Give all the lines below again, exactly, with no pictures.

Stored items
+---+

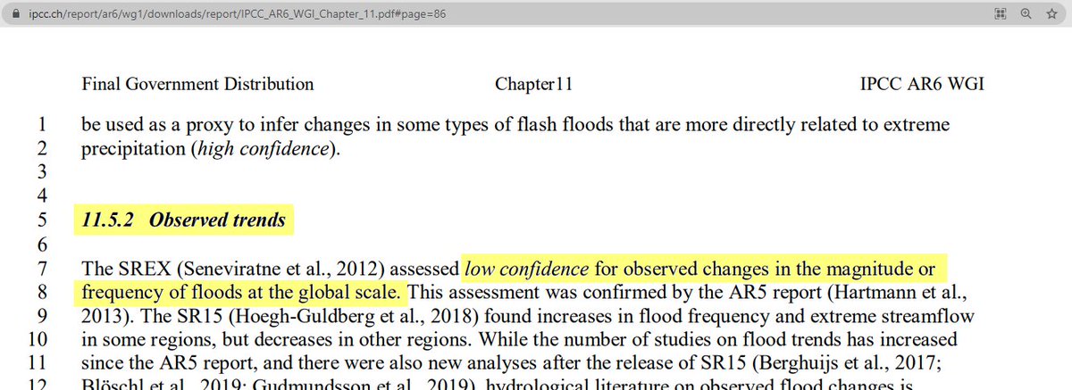 2/6. Even the IPCC acknowledges that climate change has not detectably worsened floods. https://sealevel.info/AR6_says_changes_in_flood_magnitude_or_frequency_undetected03.png In a warming world, the "water cycle" should accelerate slightly, which could be expected to increase overall rainfall, and perhaps floods (and to decrease droughts). But the effect on flooding is so minor that, thus far, it is undetectable, according to the IPCC. Here's an excerpt from their Sixth Assessment Report (WG1, Chapter 11): 11.5.2 Observed trends. The SREX assessed low confidence for observed changes in the magnitude or frequency of floods at the global scale. This assessment was confirmed by the AR5 report. ...
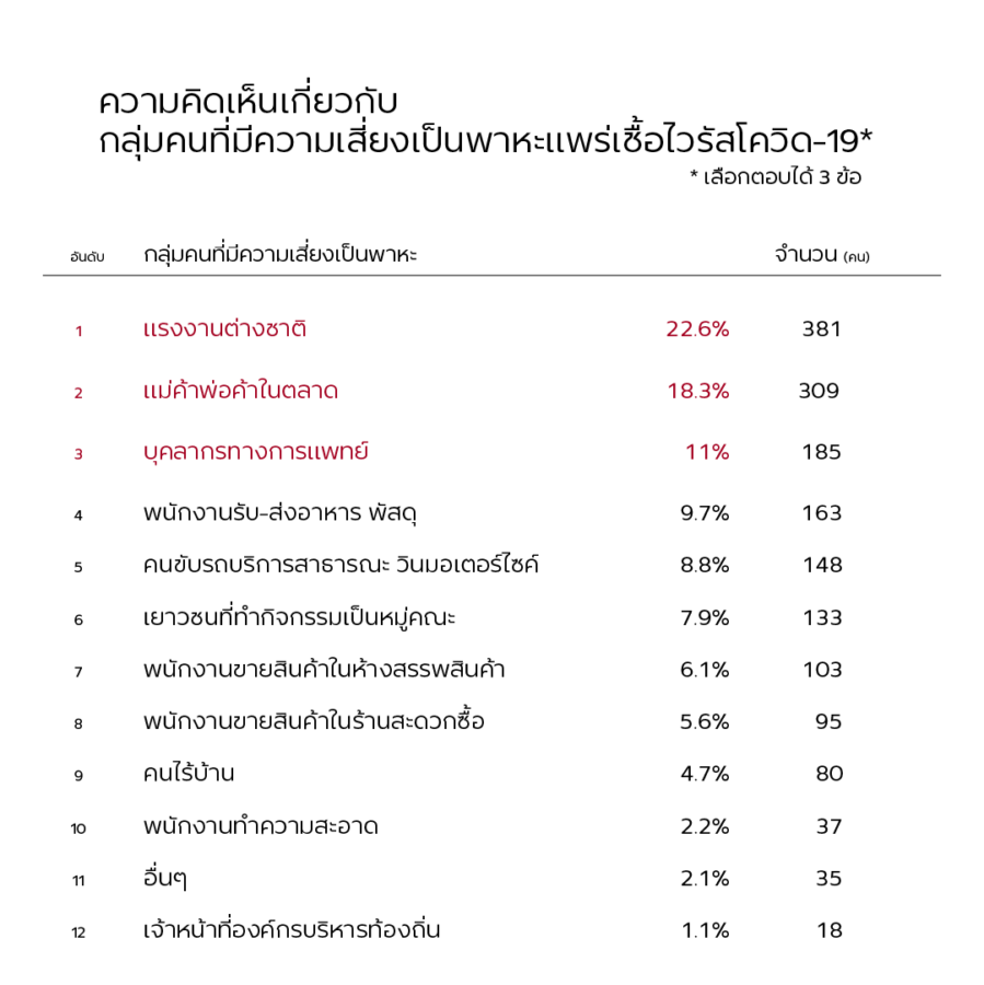 ความหวาดกลัวดังกล่าวมีสาเหตุจากข้อเท็จจริงว่า บางอาชีพไม่สามารถหลีกเลี่ยงการพบปะผู้คนหรือการอยู่ในบริบทเสี่ยงทำให้เกิดการติดเชื้อได้ โดยแบบสอบถามหัวข้อ ‘ความคิดเห็นเกี่ยวกับกลุ่มคนที่มีความเสี่ยงเป็นพาหะแพร่เชื้อไวรัสโควิด-19’ แสดงให้เห็นว่าอาชีพอย่าง แรงงานต่างชาติ แม่ค้าพ่อค้าในตลาด และ บุคลากรทางการแพทย์ ถูกมองว่ามีโอกาสเป็นพาหะของเชื้อได้ถึงร้อยละ 22.6 ร้อยละ 18.3 และ ร้อยละ 11 จากจำนวนผู้ตอบแบบสอบถามทั้งหมด ตามลำดับ
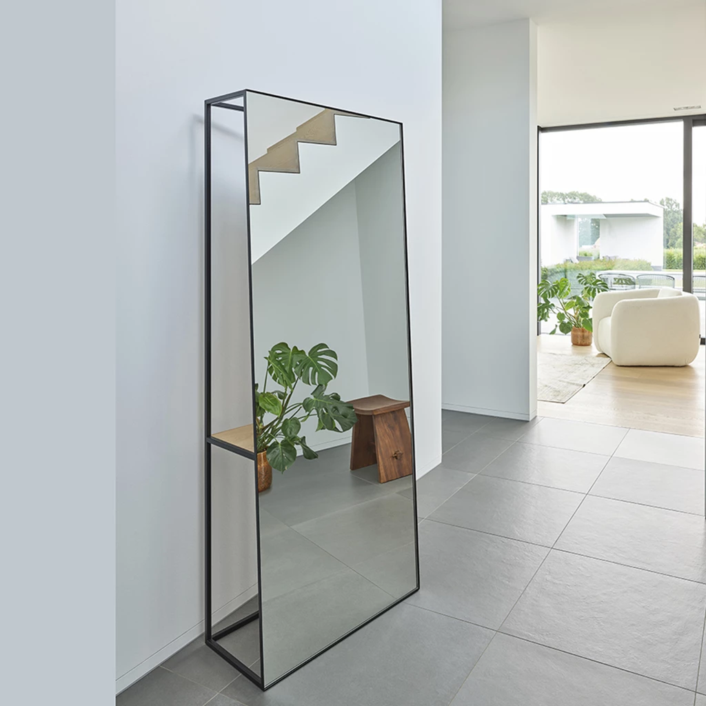 Deknudtin Chassis -peili on yhdistetty tukevaan runkoon. Yleensähän peili mielletään litteäksi ja siroksi. Chassis-malli ei noudata tätä linjaa. Mahtava esim. pukeutumispeiliksi tai eteiseen.
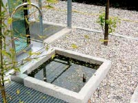 Ein Straßenraum mit hoher Betonwand, mit Rieselbankett und filigranen Buxbaumstrukturen.
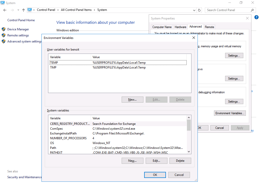 Es posible cargar las variables directamente desde los parámetros del sistema: Panel de configuración > Sistema > Configuración avanzada del sistema > Variables de entorno:
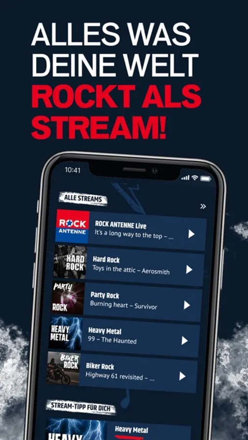 sondern nur noch die ROCK ANTENNE App - mit aktuellen, handverlesenen Playlists und immer den
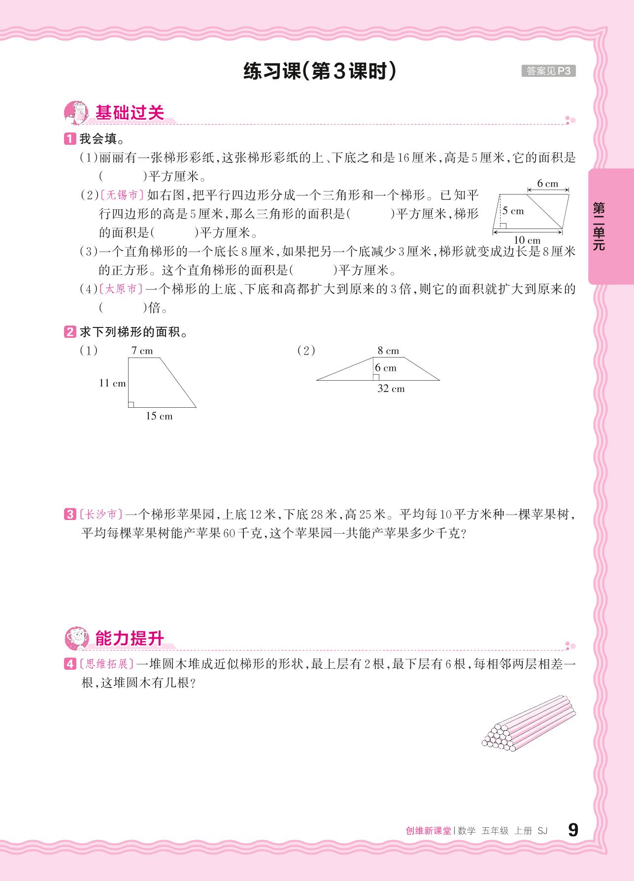 2024秋上册五年级数学苏教版 第二单元 多边形的面积 ——梯形的面积练习课
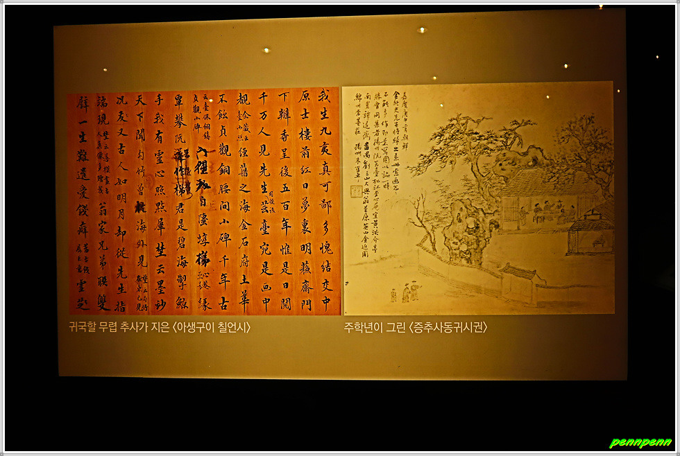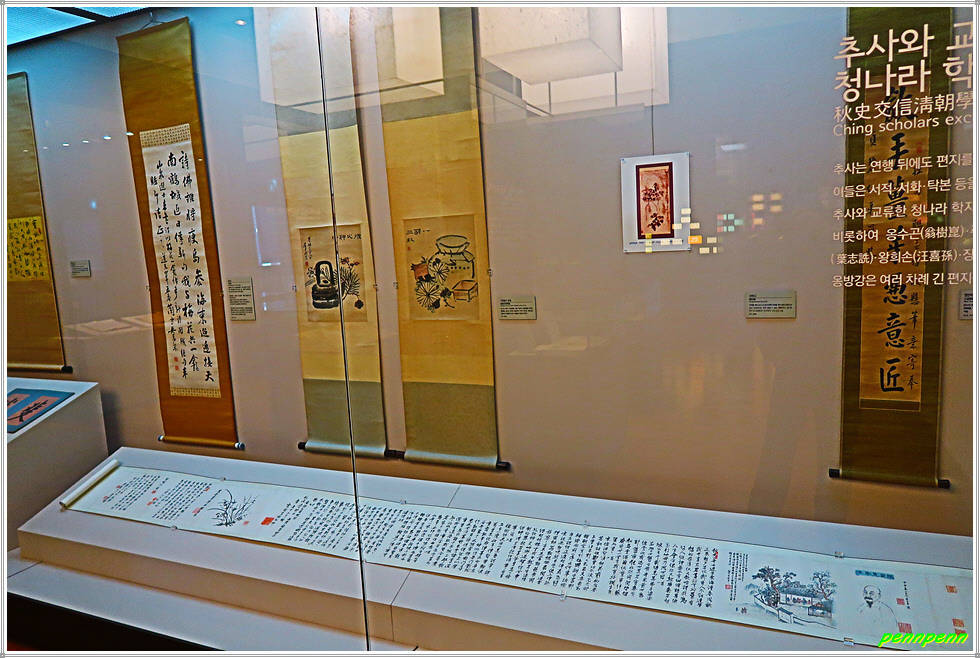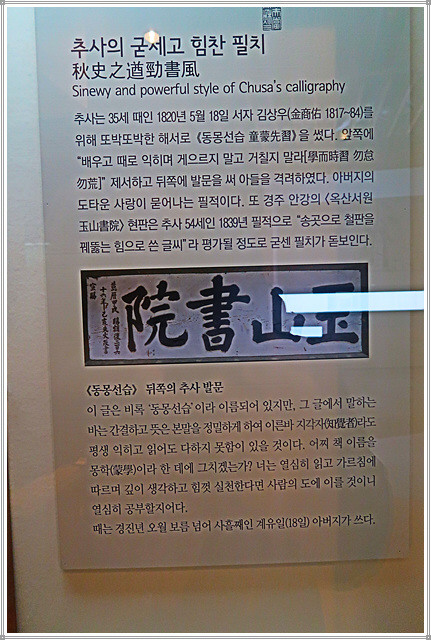 관람은 박물관 2층 “추사의 생애실”부터 시작합니다. 김정희의 호는 추사, 완당, 예당, 노과 등이며, 1809년 연경에 가는 부사 김노경(추사의 부)을 따라 그곳에서 40일간 머물며 청나라 고증학을 접했습니다. 1819년 문과에 급제해 규장각 대교, 병조참판, 성균관 대사성 등을 지냈으며, 1840년부터 9년간 제주도에 유배된 후 1851년부터 1년간 함경북도 북청에 유배되었습니다. 유배에서 돌아온 추사는 과천 과지초당에서 4년간 머물다 별세했습니다.
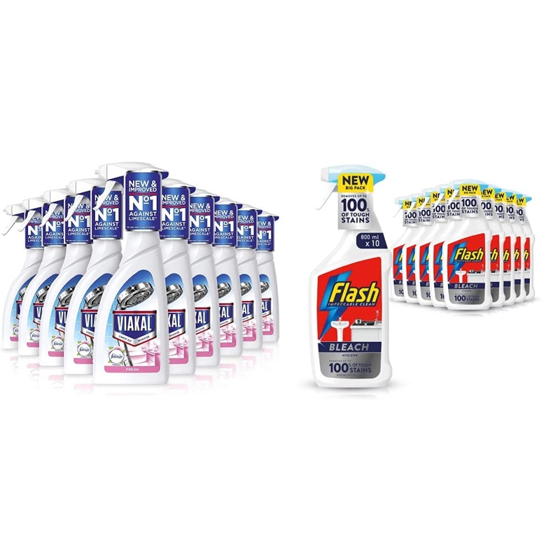 Viakal Limescale Remover Spray, Fresh, 5 Litre (500 ml x 10) Viakal Bathroom 3in1 not only removes lime scale, soap scum and watermarks, but also eliminates 99.9% of bacteria for deep hygiene. Ideal for regular use in your bathroom to provide clean and shiny surfaces every day. Viakal Spray limescale remover is ideal for vertical surfaces, not only providing a thorough clean, but also a long-lasting shine. Its special formula creates a barrier to prevent watermarks from returning, even in hard water areas.Its formula respects your surfaces, so it can be used every day to clean a variety of spaces exposed to water. Flash Bleach Spray Multi Purpose Cleaner, 8 Litres (800 ml x 10), Stain & Grease Remover, Eucalyptus Scent Flash Multi Purpose Bleach Cleaning Spray is perfect for cleaning almost any hard surface in your Bleach. Use it on all Bleach surfaces. See package for full usage instructions. A rinse is required for surfaces in direct contact with food.Product 2: Powerful Cleaning. Product 2: Cuts Grease. Product 2: Flash Clean & Shine, 100% streak-free shine (tested with liquid form on ceramic floor tiles). Product 2: All purpose cleaner with the great cleaning power of Flash. Product 1: Eliminates soap scum. Product 1: Eliminates 100% of limescale. Product 1: Eliminates 99.9% of bacteria. Product 1: Viakal limescale remover cleaning spray.

+---+

• [ANSWER FOR THE TASK]:
 2/6. Even the IPCC acknowledges that climate change has not detectably worsened floods. https://sealevel.info/AR6_says_changes_in_flood_magnitude_or_frequency_undetected03.png In a warming world, the "water cycle" should accelerate slightly, which could be expected to increase overall rainfall, and perhaps floods (and to decrease droughts). But the effect on flooding is so minor that, thus far, it is undetectable, according to the IPCC. Here's an excerpt from their Sixth Assessment Report (WG1, Chapter 11): 11.5.2 Observed trends. The SREX assessed low confidence for observed changes in the magnitude or frequency of floods at the global scale. This assessment was confirmed by the AR5 report. ...
 ความหวาดกลัวดังกล่าวมีสาเหตุจากข้อเท็จจริงว่า บางอาชีพไม่สามารถหลีกเลี่ยงการพบปะผู้คนหรือการอยู่ในบริบทเสี่ยงทำให้เกิดการติดเชื้อได้ โดยแบบสอบถามหัวข้อ ‘ความคิดเห็นเกี่ยวกับกลุ่มคนที่มีความเสี่ยงเป็นพาหะแพร่เชื้อไวรัสโควิด-19’ แสดงให้เห็นว่าอาชีพอย่าง แรงงานต่างชาติ แม่ค้าพ่อค้าในตลาด และ บุคลากรทางการแพทย์ ถูกมองว่ามีโอกาสเป็นพาหะของเชื้อได้ถึงร้อยละ 22.6 ร้อยละ 18.3 และ ร้อยละ 11 จากจำนวนผู้ตอบแบบสอบถามทั้งหมด ตามลำดับ
 Deknudtin Chassis -peili on yhdistetty tukevaan runkoon. Yleensähän peili mielletään litteäksi ja siroksi. Chassis-malli ei noudata tätä linjaa. Mahtava esim. pukeutumispeiliksi tai eteiseen.
 Ein Straßenraum mit hoher Betonwand, mit Rieselbankett und filigranen Buxbaumstrukturen.
 Es posible cargar las variables directamente desde los parámetros del sistema: Panel de configuración > Sistema > Configuración avanzada del sistema > Variables de entorno:
 sondern nur noch die ROCK ANTENNE App - mit aktuellen, handverlesenen Playlists und immer den
 2024秋上册五年级数学苏教版 第二单元 多边形的面积 ——梯形的面积练习课
 관람은 박물관 2층 “추사의 생애실”부터 시작합니다. 김정희의 호는 추사, 완당, 예당, 노과 등이며, 1809년 연경에 가는 부사 김노경(추사의 부)을 따라 그곳에서 40일간 머물며 청나라 고증학을 접했습니다. 1819년 문과에 급제해 규장각 대교, 병조참판, 성균관 대사성 등을 지냈으며, 1840년부터 9년간 제주도에 유배된 후 1851년부터 1년간 함경북도 북청에 유배되었습니다. 유배에서 돌아온 추사는 과천 과지초당에서 4년간 머물다 별세했습니다.
 Viakal Limescale Remover Spray, Fresh, 5 Litre (500 ml x 10) Viakal Bathroom 3in1 not only removes lime scale, soap scum and watermarks, but also eliminates 99.9% of bacteria for deep hygiene. Ideal for regular use in your bathroom to provide clean and shiny surfaces every day. Viakal Spray limescale remover is ideal for vertical surfaces, not only providing a thorough clean, but also a long-lasting shine. Its special formula creates a barrier to prevent watermarks from returning, even in hard water areas.Its formula respects your surfaces, so it can be used every day to clean a variety of spaces exposed to water. Flash Bleach Spray Multi Purpose Cleaner, 8 Litres (800 ml x 10), Stain & Grease Remover, Eucalyptus Scent Flash Multi Purpose Bleach Cleaning Spray is perfect for cleaning almost any hard surface in your Bleach. Use it on all Bleach surfaces. See package for full usage instructions. A rinse is required for surfaces in direct contact with food.Product 2: Powerful Cleaning. Product 2: Cuts Grease. Product 2: Flash Clean & Shine, 100% streak-free shine (tested with liquid form on ceramic floor tiles). Product 2: All purpose cleaner with the great cleaning power of Flash. Product 1: Eliminates soap scum. Product 1: Eliminates 100% of limescale. Product 1: Eliminates 99.9% of bacteria. Product 1: Viakal limescale remover cleaning spray.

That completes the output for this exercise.